Multi-Stage Builds — The Pattern That Separates Pros from Beginners

Here's a scenario every developer hits: you need a compiler or build tool to produce your application binary, but you don't need that compiler in the final image running in production. Shipping the compiler anyway means a larger attack surface, a bigger image pulling over the network, and slower startup times in Kubernetes.

Multi-stage builds solve this elegantly. You define multiple FROM blocks in one Dockerfile. Each FROM starts a fresh image context. You build your application in an early 'builder' stage that has all the tools, then you COPY only the compiled output into a final, minimal 'runtime' stage. The builder stage is discarded — it never ships.

This pattern is transformative for compiled languages. A Go application that builds in a 800MB image with all the Go toolchain can ship as a 12MB Alpine or even a 3MB scratch image containing just the binary. But it's equally powerful for JavaScript — build your React app with node_modules in one stage, then copy only the /dist folder into an nginx image.

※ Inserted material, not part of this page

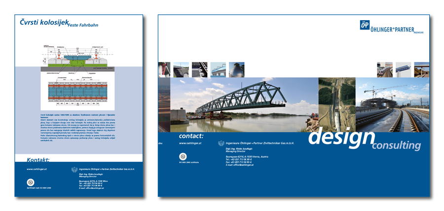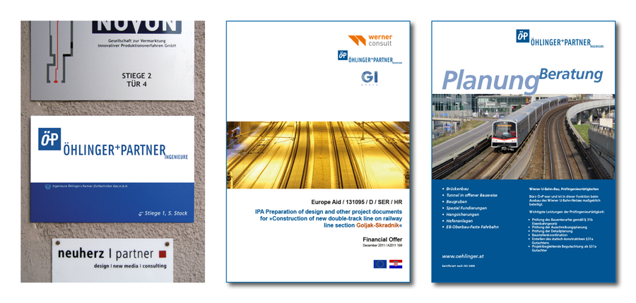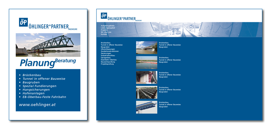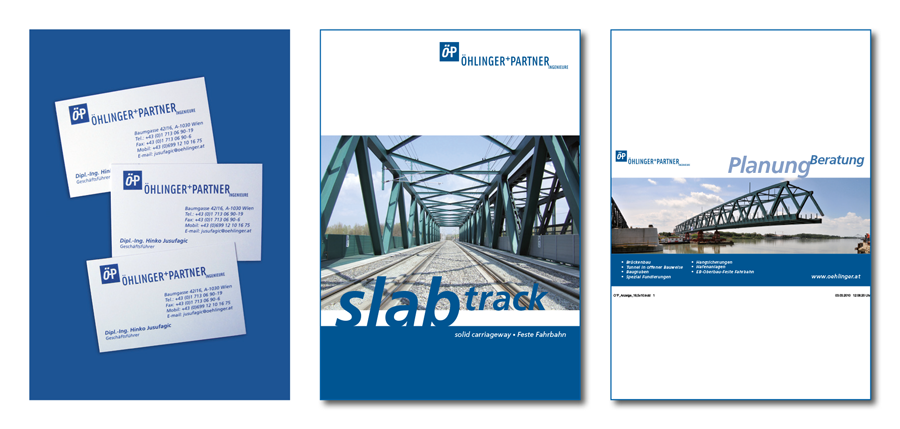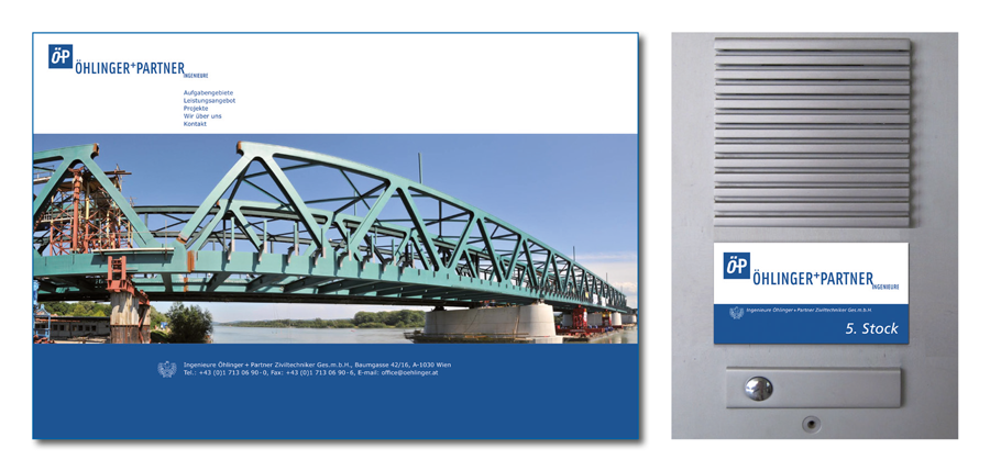 Die Bauingenieure Öhlinger+Partner sind in fachlichen Kreisen ein bekanntes Statikerbüro in Wien. Dessen Mitarbeiter pflegen mit einem enormen spezialistischen Wissen und unbegrenzten Enthusiasmus den Ingenieurgeist des Projektierens anspruchsvoller Tiefbauprojekte. davor markovic design entwickelt seit 2009 mit einem klaren Konzept die grafische Erscheinung dieses Unternehmens.

The key instruction is COPY --from=builder. The name builder is just a label you assign with AS in the FROM line. You can have as many stages as you need, and any stage can copy from any previous stage. You can even reference external images as copy sources with --from=nginx:alpine.

Build-time secrets in multi-stage builds: Multi-stage builds are the correct pattern for handling build-time secrets. Put the secret in the builder stage (using BuildKit --mount=type=secret), use it during compilation, and the secret never appears in the final runtime stage. The builder stage is discarded, and with it any trace of the secret.

Targeting a specific stage: Use docker build --target <stage-name> to build up to a specific stage. This is useful for debugging — build the builder stage and inspect it without building the runtime stage: docker build --target builder -t debug . && docker run --rm -it debug sh.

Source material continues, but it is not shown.